"""

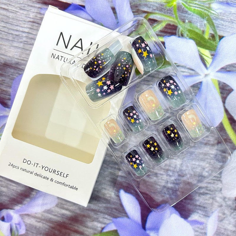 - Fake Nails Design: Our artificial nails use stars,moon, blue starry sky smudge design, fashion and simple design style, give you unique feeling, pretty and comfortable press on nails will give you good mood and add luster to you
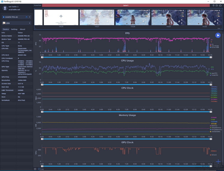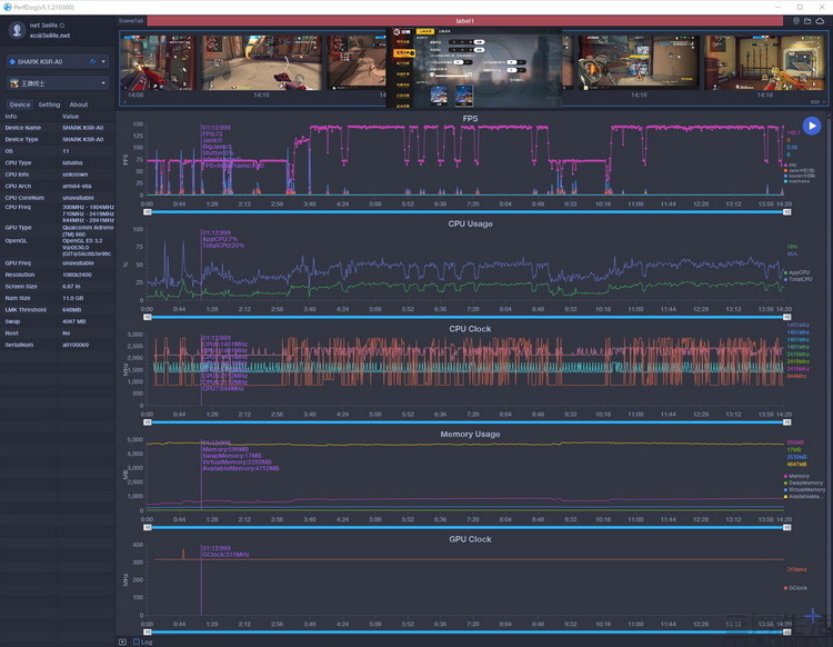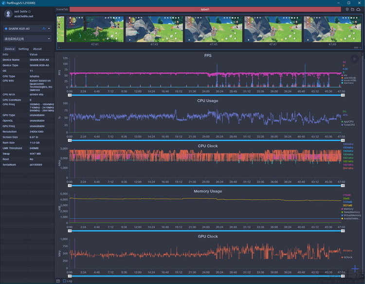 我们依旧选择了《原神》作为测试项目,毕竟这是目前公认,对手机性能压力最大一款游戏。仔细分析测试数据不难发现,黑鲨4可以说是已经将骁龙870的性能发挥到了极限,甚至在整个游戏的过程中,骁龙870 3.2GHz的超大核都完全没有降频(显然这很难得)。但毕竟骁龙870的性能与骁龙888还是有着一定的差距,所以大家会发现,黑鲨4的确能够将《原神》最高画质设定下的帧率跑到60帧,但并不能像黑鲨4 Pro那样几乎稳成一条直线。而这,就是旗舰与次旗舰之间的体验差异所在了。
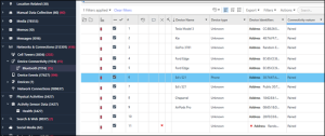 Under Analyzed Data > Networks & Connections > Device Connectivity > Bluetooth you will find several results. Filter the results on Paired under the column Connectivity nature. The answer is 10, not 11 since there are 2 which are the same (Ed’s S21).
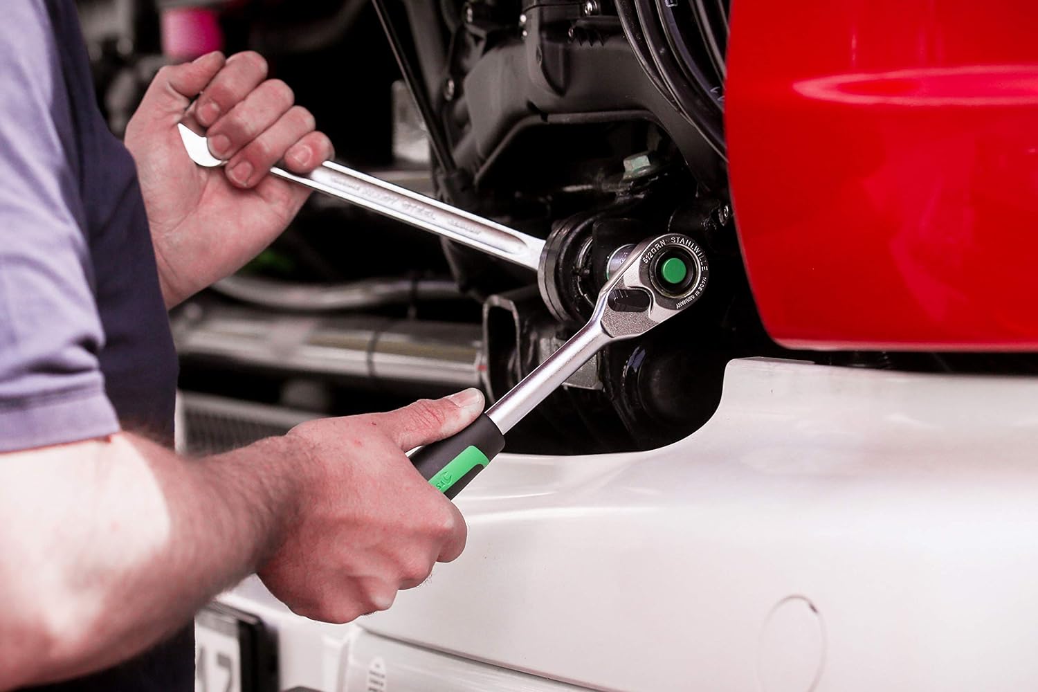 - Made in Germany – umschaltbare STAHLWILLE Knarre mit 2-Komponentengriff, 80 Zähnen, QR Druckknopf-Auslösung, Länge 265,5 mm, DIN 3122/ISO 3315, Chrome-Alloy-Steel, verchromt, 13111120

"""
"""

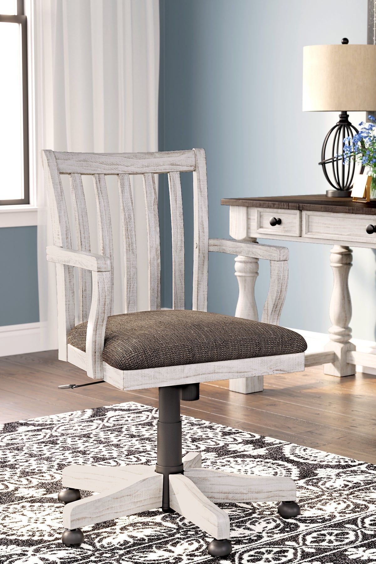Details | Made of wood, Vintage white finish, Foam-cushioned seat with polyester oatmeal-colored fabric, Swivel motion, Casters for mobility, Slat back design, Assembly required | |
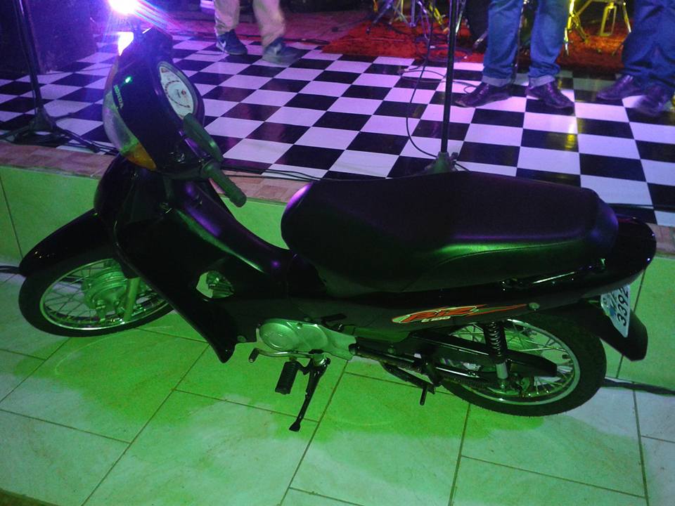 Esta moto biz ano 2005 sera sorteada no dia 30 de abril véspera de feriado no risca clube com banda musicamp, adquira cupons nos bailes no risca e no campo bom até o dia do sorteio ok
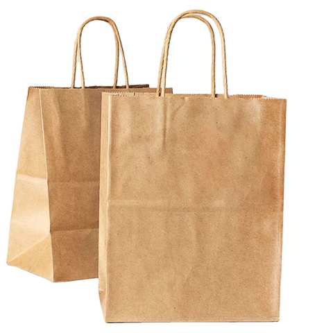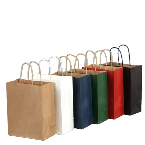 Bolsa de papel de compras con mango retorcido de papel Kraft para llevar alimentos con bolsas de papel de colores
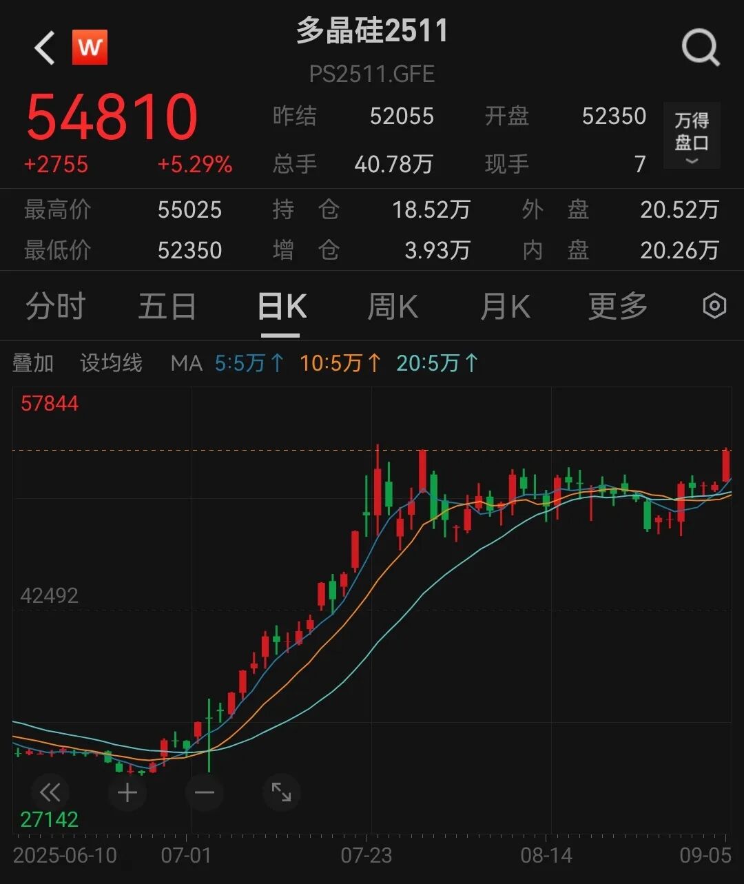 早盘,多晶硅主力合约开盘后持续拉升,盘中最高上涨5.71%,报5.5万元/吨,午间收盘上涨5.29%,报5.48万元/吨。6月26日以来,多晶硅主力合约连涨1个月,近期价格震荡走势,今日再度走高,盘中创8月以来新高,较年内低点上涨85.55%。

"""

> Problem
Leaving each picture behind, please give again exactly the lines above from the one with "- Fake Nails" through the one with "- Made in Germany", both included, and no others.

> Response for this exercise
 - Fake Nails Design: Our artificial nails use stars,moon, blue starry sky smudge design, fashion and simple design style, give you unique feeling, pretty and comfortable press on nails will give you good mood and add luster to you
 我们依旧选择了《原神》作为测试项目,毕竟这是目前公认,对手机性能压力最大一款游戏。仔细分析测试数据不难发现,黑鲨4可以说是已经将骁龙870的性能发挥到了极限,甚至在整个游戏的过程中,骁龙870 3.2GHz的超大核都完全没有降频(显然这很难得)。但毕竟骁龙870的性能与骁龙888还是有着一定的差距,所以大家会发现,黑鲨4的确能够将《原神》最高画质设定下的帧率跑到60帧,但并不能像黑鲨4 Pro那样几乎稳成一条直线。而这,就是旗舰与次旗舰之间的体验差异所在了。
 Under Analyzed Data > Networks & Connections > Device Connectivity > Bluetooth you will find several results. Filter the results on Paired under the column Connectivity nature. The answer is 10, not 11 since there are 2 which are the same (Ed’s S21).
 - Made in Germany – umschaltbare STAHLWILLE Knarre mit 2-Komponentengriff, 80 Zähnen, QR Druckknopf-Auslösung, Länge 265,5 mm, DIN 3122/ISO 3315, Chrome-Alloy-Steel, verchromt, 13111120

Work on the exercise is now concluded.